The Agilicus AnyX Desktop feature marries the simplicity and security of single sign-on, Zero Trust, and multi-factor authentication with a resource that is graphical in nature. It is ideal for both embedded systems as well as remote productivity applications.
You have two different choices for how to enable a desktop resource for your users, the tried-and-true Virtual Network Computing (VNC) and the Windows desktop-oriented Microsoft Remote Desktop Protocol. Which one is the best for your application and users?
Executive Summary
Agilicus AnyX VNC is best for you if:
- You have a shared machine
- You need multiple users to access the device at the same time
- You want to use it from any device, including tablets
- Your use pattern is short sessions checking something which is always running
- Your device only supports VNC (e.g. embedded device)
- You need some users to have a read-only session
- You have no local users on devices
Agilicus AnyX Microsoft Remote Desktop Connection is best for you if:
- Your use case is relatively long productivity-oriented sessions
- You need to share a printer or device
- You have a single-user pattern
- Your application stops and is logged out when the user does
Detailed Considerations: VNC
One of the main concerns people have with VNC is its poor security model.

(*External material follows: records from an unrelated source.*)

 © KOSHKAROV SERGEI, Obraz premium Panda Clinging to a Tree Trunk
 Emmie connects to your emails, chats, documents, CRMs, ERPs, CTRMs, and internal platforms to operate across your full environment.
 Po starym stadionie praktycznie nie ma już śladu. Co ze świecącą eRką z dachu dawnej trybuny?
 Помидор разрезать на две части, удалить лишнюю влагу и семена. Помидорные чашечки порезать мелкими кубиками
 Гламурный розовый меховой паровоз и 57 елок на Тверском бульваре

A single user, no encryption, an 8-character 3DES-encrypted password. It is intrinsically unsafe to use… except when coupled with Agilicus AnyX.

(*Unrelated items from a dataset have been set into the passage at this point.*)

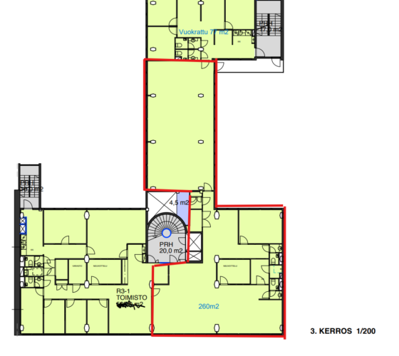 Nyt vuokrattavissa kolmannen kerroksen toimisto omalla keittiöllä. Lisäksi tilasta löytyy niin avotilaa kuin työ- ja neuvotteluhuoneita sekä siistit wc-tilat. Ruoholahdenkatu 8:n tilat on peruskorjattu vuonna 2005, ja ne mukautuvat joustavasti käyttäjien tarpeisiin. Toimistotilat voidaan järjestää avokonttoriksi tai yksittäisiksi työhuoneiksi. Kiinteistössä on pysäköintimahdollisuus sekä parkkihallissa että pihalla, ja alueella on erinomaiset julkisen liikenteen yhteydet.
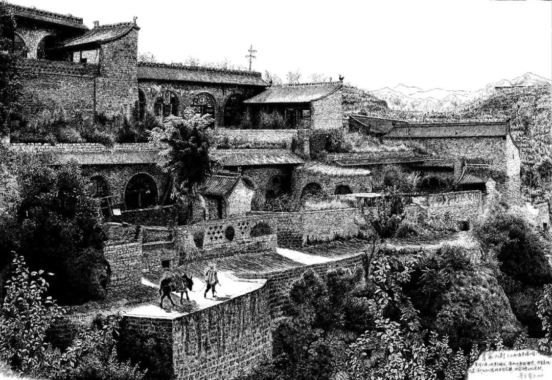 山西碛口镇李家山村 钢笔素描 59.4X84.1cm 景亚霓
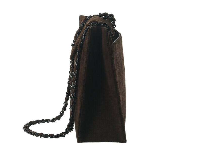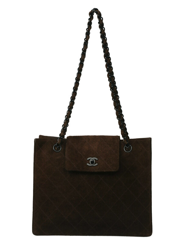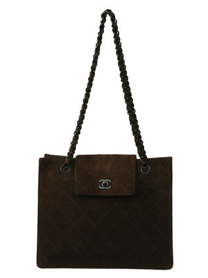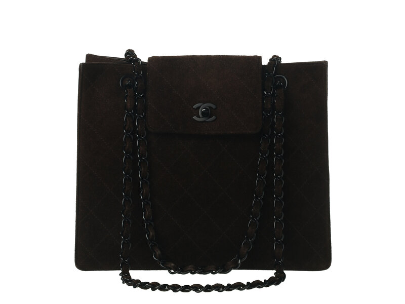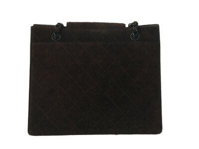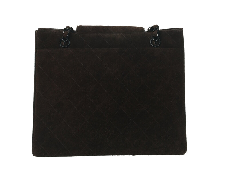 Chanel Square Flap Tote Bag in Quilted Brown Suede with Matte Black Hardware. CC-Turn Lock and Interwoven Leather Chain.
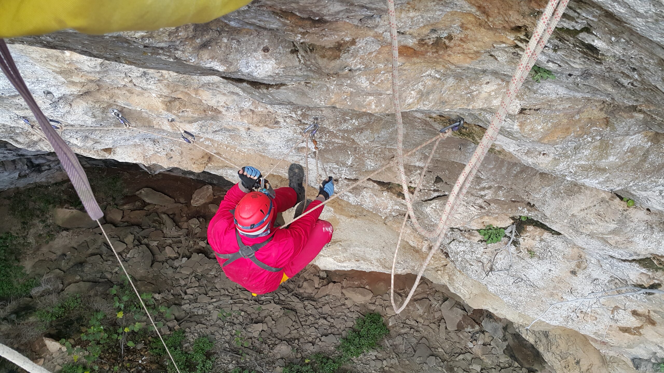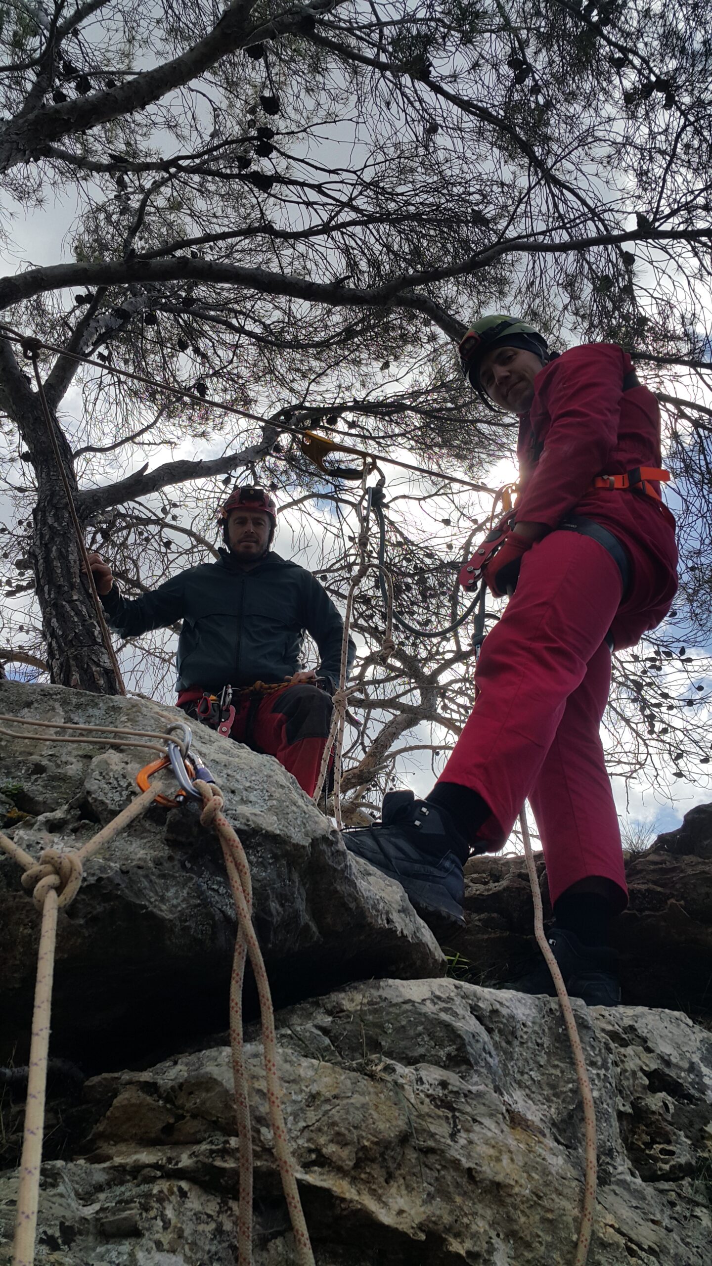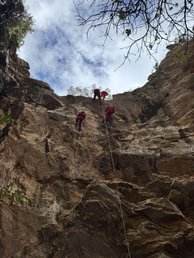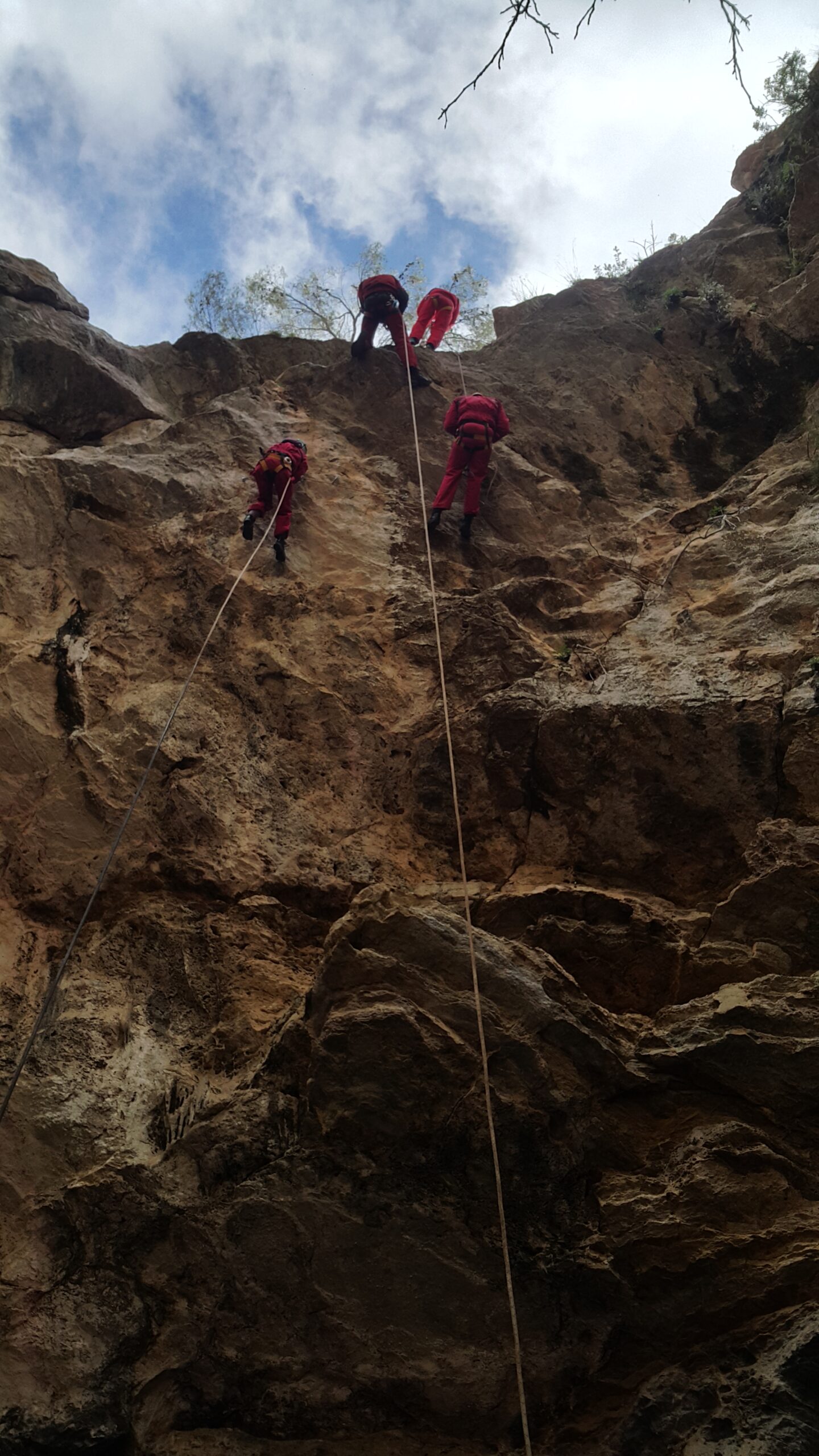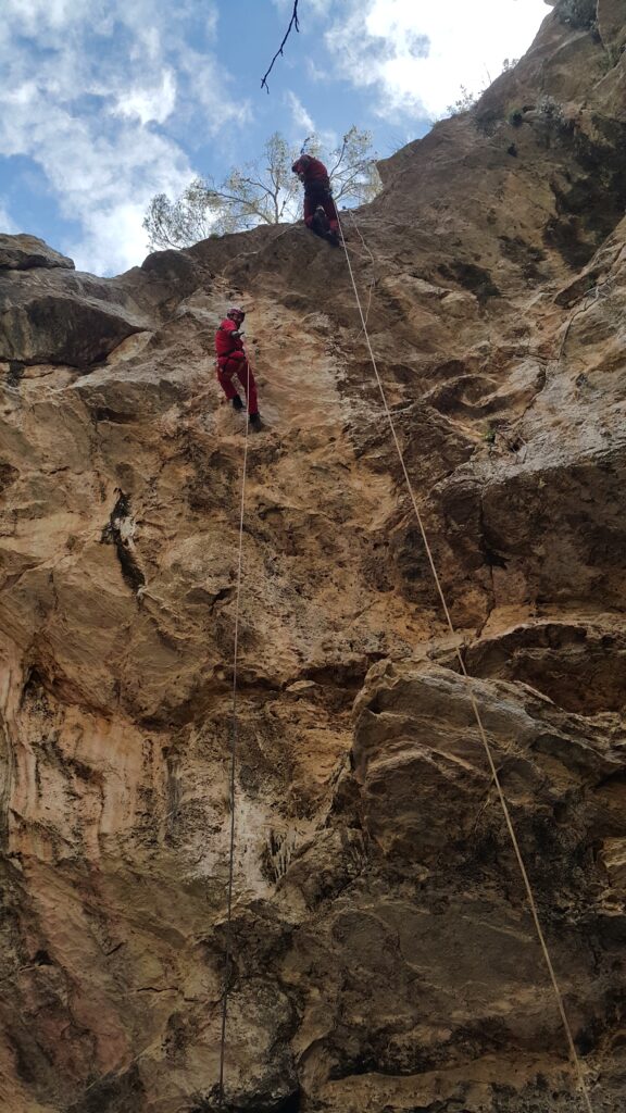 Ξεκινήσαμε με καταβάσεις του «φορείου». προωθήσαμε δηλαδή άτομο από τη ζώνη του χωρίς άλλο βοήθημα, αλλά με σύστημα ανάρτησης σε πλακέτα πολλαπλών σημείων, είτε για κατάβαση, είτε για ανάβαση και βέβαια ασφάλιση. Περάσαμε το «φορείο» από παρακάμψεις και μιάς και ήμασταν σε πολύ εύκολα προσβάσιμο πεδίο, κάναμε αρκετές επαναλήψεις, με εναλλαγή ρόλων. Δοκιμάσαμε το Βουλγάρικο πολύσπαστο που λειτουργεί πολύ καλά, αλλά όχι με όλα τα καραμπίνερ, όπως και τη μισή ψαλιδιά , για την ανύψωση του βάρους και τη μεταφορά σε άλλη γραμμή. Όρεξη να υπάρχει, έχουμε πολλά ακόμα να δουλέψουμε.

AnyX allows you to keep the VNC server hidden in a secure enclave. It provides a single-sign-on, multi-factor, passwordless authentication, with strong per-user authorization (including read-only mode).
The HTML5 web-first Agilicus AnyX Profile allows any user, on any device, to have instant seamless access. Have a contractor with a tablet on a cellular connection?

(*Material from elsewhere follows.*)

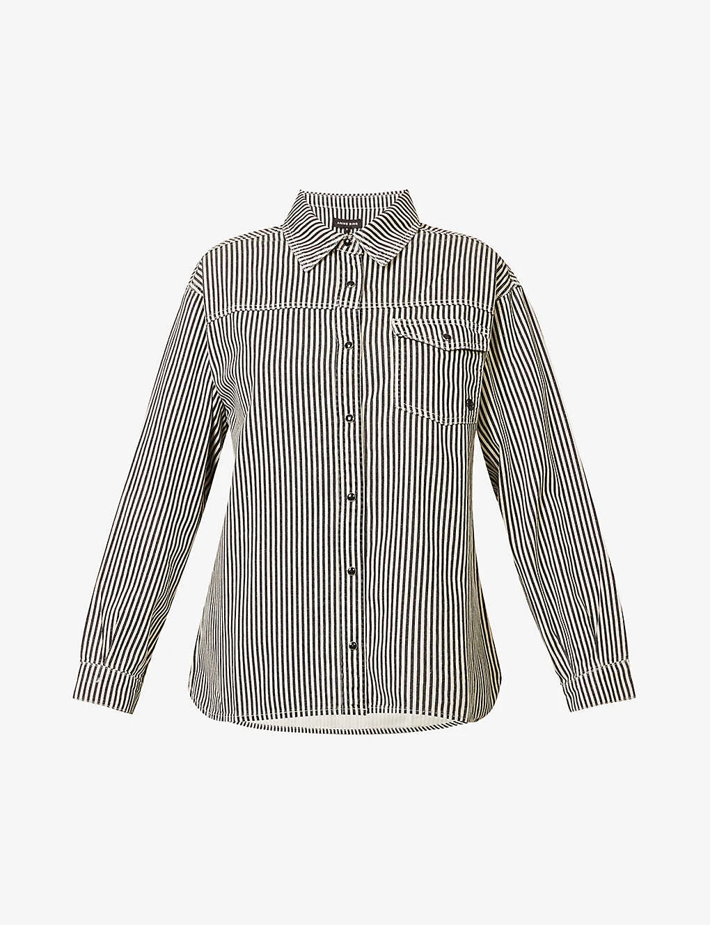 - Relaxed fit, collar, long sleeves, buttoned sleeve hems, flap pocket at chest, brand embroidery at chest, straight yoke with pleat at back, all-over stripe pattern, curved dipped hem
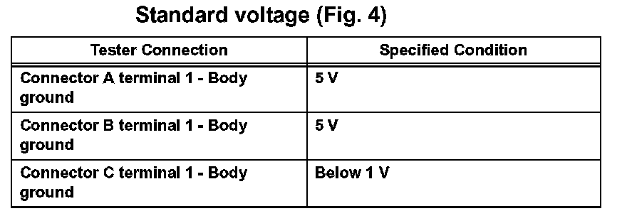 1. In a circuit in which voltage is applied to the ECU connector terminal, an open circuit can be checked by conducting a voltage check. With each connector still connected, measure the voltage between the body ground and these terminals (in this order): 1) terminal 1 of connector A, 2) terminal 1 of connector B, and 3) terminal 1 of connector C.

One of the unique aspects of the Agilicus AnyX VNC Desktop is ‘password stuffing’. This allows you to ensure no one (except you!) knows the VNC password. Users supply their Azure Active Directory or Google Workplace credentials and are instantly using the resource. Security facilitates efficiency, rather than reduces it.
The unique ‘read-only’ vs ‘read-write’ password allows for the ability to create two roles, perfect for use with Agilicus Group & Role-based access control.
The Agilicus Connector can be paired with the VNC on a 1:1 basis (meaning no network access is possible), or, via other network segmentation techniques, can finely control and micro-segment as needed.
And, more importantly, no inbound access, no firewall hole, and a perfect audit trail.
VNC is the best solution for your team if:
- You need access to embedded devices without local users
- You have infrequent, short usage patterns
- You don’t need shared printers, USB devices
- You don’t have control of the users’ device
Detailed Considerations: Microsoft Remote Connect
Microsoft’s Remote Desktop Protocol is tightly coupled with the Microsoft Windows ecosystem. It provides excellent performance even on low-bandwidth network connections. Because it is geared around non-shared desktop usage, it is best used when you have single-user applications and pairs nicely with a local-desktop native client.
The Agilicus AnyX Desktop integration implements a Zero Trust Remote Desktop Gateway to create a seamless single-sign-on (with optional multi-factor) to a machine running remotely with Remote Desktop. It can be launched directly through the Agilicus Profile, or, from the ‘start’ menu of your operating system. Native clients can directly connect without a VNC or proxy owing to the unique nature of the Desktop Gateway.
Encryption is end-to-end from the user’s desktop to the end server. Owing to this, password stuffing is not possible. In common implementations, the user will ‘sign in’ with the local identity.
Remote Desktop is the best solution for your team if:
- You run productivity applications such as ERP, word processor
- You may want to locally print or share storage
- You have relatively long sessions
- Your sessions tend to be from desktop-style computers
Regardless of which method you use, the basics apply:
- Requests flow “May I please have permission for”
- Multi-Factor: “I have, I am, I know”
- Unified authentication: your team, and your partners’ teams, all with single-sign-on
- Precise authorization: user A can do B to C at this time
- Seamless access: no VPN to bring up, no overlapping IP or split horizon
Conclusion
In conclusion, the Agilicus AnyX Desktop feature offers a powerful combination of simplicity, security, and graphical capabilities through single-sign-on, Zero Trust, and Multi-Factor Authentication. This feature caters to a wide range of needs, including embedded systems and remote productivity applications. When it comes to enabling a Desktop resource for users, there are two viable options: Virtual Network Computing (VNC) and Microsoft Remote Desktop Protocol (RDP). Choosing the best option for your application and users depends on various factors.
It is important to carefully assess the specific requirements and considerations of your use case to make an informed decision. By evaluating the strengths and weaknesses of both VNC and RDP, you can determine which protocol aligns better with your application’s needs, user preferences, and security requirements. Ultimately, selecting the most suitable approach will help provide an optimal user experience and enhance productivity while maintaining a high level of security.